Year 2, Week 75: The Vinyl Frontier

After living here for nearly a year an a half, I’ve finally found something about my neighbour metropolis of Sacramento that I like. I know I’ve never really given that sprawling urban splat much of a chance, the way it just squats in the distance across a vast flat swamp, thick with suffocating Valley air and the sound of gunfire on every news broadcast, utterly lacking the grand charm of New York or the dramatic slopes and vistas of San Francisco. Getting the bus through West Sacramento is hardly inspiring, miles of rotten industrial grounds, trailer parks and the sort of motels you only ever see in films with a high death count. I warmed to grubby old Charleroi, years ago, but I think you’d have to be pretty cold to find anything to warm to here.

But recently I’ve been going up to Midtown, where the leafy boulevards are lined with charming old wooden houses, and there are shops and cafes and people walking because they want to, and yet because it’s still Sacramento there’s still some grit, and none of the urban snobbery you find in the more affluent areas. I guess that’s why it’s called Midtown, because it’s between downtown and Uptown, I’d not really thought of it like that. But that’s not what brings me there. There’s this really cool record shop called The Beat, and it’s my new favourite place. My wife first took me up there in January, after I got my new record player, so I could buy my first vinyl LP in many years and add to the ones I’d just lugged back from London (you know, vinyl’s a lot heavier than you think, isn’t it). I was so impressed – the place was so well-stocked, but still airy and spacious, not crazy like Amoeba Records, and they had a phenomenal collection of Beatles stuff, both British and American versions, most of which I have, some of which I salivated over but couldn’t really justify spending on. I spent most of my time in the Who section, trawling through rare European imports, but finally settling on the old compilation favorite Meaty Beaty Big and Bouncy, because it was the first Who record I ever heard back at my uncle Billy’s years ago, and because if you are going to listen to the old stuff, you can’t do it on CD, it has to be vinyl. I went home, put the needle in the groove, and rocked out; it was like being thirteen again.

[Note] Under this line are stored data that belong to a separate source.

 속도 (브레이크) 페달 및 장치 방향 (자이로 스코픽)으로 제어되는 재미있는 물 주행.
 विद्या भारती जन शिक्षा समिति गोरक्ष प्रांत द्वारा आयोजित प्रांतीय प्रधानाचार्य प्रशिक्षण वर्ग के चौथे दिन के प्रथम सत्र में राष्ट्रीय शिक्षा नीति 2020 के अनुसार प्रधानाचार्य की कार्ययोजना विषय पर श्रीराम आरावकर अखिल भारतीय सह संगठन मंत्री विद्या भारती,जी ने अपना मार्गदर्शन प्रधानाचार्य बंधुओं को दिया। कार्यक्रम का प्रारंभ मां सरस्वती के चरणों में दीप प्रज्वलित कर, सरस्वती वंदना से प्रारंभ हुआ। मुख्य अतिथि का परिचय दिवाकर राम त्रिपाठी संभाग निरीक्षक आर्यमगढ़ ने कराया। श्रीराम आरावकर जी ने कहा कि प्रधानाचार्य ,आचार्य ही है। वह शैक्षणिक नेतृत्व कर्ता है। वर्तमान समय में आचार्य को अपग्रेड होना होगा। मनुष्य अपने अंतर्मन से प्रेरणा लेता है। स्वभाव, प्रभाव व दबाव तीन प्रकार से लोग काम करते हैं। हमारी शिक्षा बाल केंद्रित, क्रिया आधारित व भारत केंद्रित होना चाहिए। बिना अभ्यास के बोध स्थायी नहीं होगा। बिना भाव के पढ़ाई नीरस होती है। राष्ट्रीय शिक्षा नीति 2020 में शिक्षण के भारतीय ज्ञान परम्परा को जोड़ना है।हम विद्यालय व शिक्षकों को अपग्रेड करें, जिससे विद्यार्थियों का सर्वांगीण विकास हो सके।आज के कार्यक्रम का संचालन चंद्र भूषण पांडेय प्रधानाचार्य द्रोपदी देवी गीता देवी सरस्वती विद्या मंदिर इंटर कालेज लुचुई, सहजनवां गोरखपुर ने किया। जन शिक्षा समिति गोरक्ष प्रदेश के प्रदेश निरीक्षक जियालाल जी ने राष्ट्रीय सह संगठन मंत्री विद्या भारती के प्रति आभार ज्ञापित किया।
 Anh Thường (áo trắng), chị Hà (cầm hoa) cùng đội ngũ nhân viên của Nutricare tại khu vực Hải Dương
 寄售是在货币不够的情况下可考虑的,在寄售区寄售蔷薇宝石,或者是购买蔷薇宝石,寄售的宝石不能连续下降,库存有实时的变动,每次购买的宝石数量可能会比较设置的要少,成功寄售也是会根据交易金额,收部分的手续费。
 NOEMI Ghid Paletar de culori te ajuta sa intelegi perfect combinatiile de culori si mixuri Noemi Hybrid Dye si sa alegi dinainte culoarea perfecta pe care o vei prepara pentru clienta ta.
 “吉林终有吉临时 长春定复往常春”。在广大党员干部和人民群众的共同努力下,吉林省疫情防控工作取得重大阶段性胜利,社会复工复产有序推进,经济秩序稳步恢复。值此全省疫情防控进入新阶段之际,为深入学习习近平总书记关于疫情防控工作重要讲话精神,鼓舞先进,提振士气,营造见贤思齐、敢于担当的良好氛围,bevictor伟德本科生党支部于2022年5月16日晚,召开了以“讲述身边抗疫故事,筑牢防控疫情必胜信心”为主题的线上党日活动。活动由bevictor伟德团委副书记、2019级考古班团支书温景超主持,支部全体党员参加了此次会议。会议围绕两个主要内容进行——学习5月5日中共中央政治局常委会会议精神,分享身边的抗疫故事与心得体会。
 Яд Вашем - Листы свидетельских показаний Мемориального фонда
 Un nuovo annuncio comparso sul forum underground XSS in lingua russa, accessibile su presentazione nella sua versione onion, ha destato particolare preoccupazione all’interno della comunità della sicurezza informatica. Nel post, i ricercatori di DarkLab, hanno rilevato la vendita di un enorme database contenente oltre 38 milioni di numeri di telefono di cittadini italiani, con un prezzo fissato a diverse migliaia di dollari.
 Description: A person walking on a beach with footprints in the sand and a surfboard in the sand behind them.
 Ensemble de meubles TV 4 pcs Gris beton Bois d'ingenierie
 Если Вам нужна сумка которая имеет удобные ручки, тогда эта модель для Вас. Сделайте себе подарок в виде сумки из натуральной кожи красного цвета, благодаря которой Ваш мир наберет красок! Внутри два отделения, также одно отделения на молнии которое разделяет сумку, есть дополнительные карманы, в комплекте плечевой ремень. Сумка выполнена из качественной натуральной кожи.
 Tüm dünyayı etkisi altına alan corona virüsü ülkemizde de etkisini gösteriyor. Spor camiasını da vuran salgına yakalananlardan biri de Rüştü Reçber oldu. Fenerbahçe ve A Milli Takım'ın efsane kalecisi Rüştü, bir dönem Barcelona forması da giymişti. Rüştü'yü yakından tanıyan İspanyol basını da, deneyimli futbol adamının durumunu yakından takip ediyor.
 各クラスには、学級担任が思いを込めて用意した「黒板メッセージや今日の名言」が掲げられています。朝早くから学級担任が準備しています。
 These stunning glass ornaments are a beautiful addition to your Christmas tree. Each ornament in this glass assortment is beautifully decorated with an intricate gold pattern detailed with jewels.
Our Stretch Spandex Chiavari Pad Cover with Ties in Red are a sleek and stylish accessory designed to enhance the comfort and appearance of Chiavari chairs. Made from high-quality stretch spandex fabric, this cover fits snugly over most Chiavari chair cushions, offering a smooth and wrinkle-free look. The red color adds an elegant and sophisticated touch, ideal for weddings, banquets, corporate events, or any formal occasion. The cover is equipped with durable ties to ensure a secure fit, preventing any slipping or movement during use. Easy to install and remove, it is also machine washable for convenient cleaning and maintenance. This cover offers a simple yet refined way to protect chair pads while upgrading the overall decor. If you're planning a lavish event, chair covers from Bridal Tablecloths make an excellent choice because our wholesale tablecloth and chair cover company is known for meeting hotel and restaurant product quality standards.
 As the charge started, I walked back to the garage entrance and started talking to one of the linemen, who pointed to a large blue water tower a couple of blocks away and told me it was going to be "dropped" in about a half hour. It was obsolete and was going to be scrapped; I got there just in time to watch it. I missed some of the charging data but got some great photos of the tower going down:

I’ve gone back up there a few times to trawl through their CDs, new and used, and have been generally impressed with the large stock, particularly as I seem to find a lot of British stuff you’d never expect to see in a shop deep in Sacramento. No David Devant, however, but you can’t have it all. Nearby though there is a British pub called the Streets of London, which I’d known about since we moved here but have always resisted going to for the following reasons: it’s in Sacramento, it has a name which indicates it’s probably nothing like a London pub, and because we met a slightly weird couple once that said they go out there and I had no inclination of bumping into them. Well I finally decided to pop in and check it out (and to find a table to add some paints to the sketches I’d made around town), after all they might be showing Spurs on the TV. They weren’t, but I bought a pint of London Pride and had an utterly new sensation. It was actually cold, and tasted really good. I like Pride, I used to drink it a lot, but back at the Haverstock in Belsize Park it would always be edging room temperature. Here it was damn cold, and damn good. I didn’t want to get ahead of myself, so I left, passing by The Beat on the way back to the bus-stop. Or I would have passed by if I’d not heard them playing ‘Boredom’ by the Buzzcocks, one of my all-time favourite tracks (and one I never hear blaring from a shop doorway). I popped back in and sure enough they had the Spiral Scratch EP. I’d never even seen it before! But I resisted, for now, giving myself an excuse to come back down, and I will too. I don’t yet like Sacramento, and I’m not about to move there or anything, but after all this time I’ve found I don’t hate crossing the Causeway quite as much.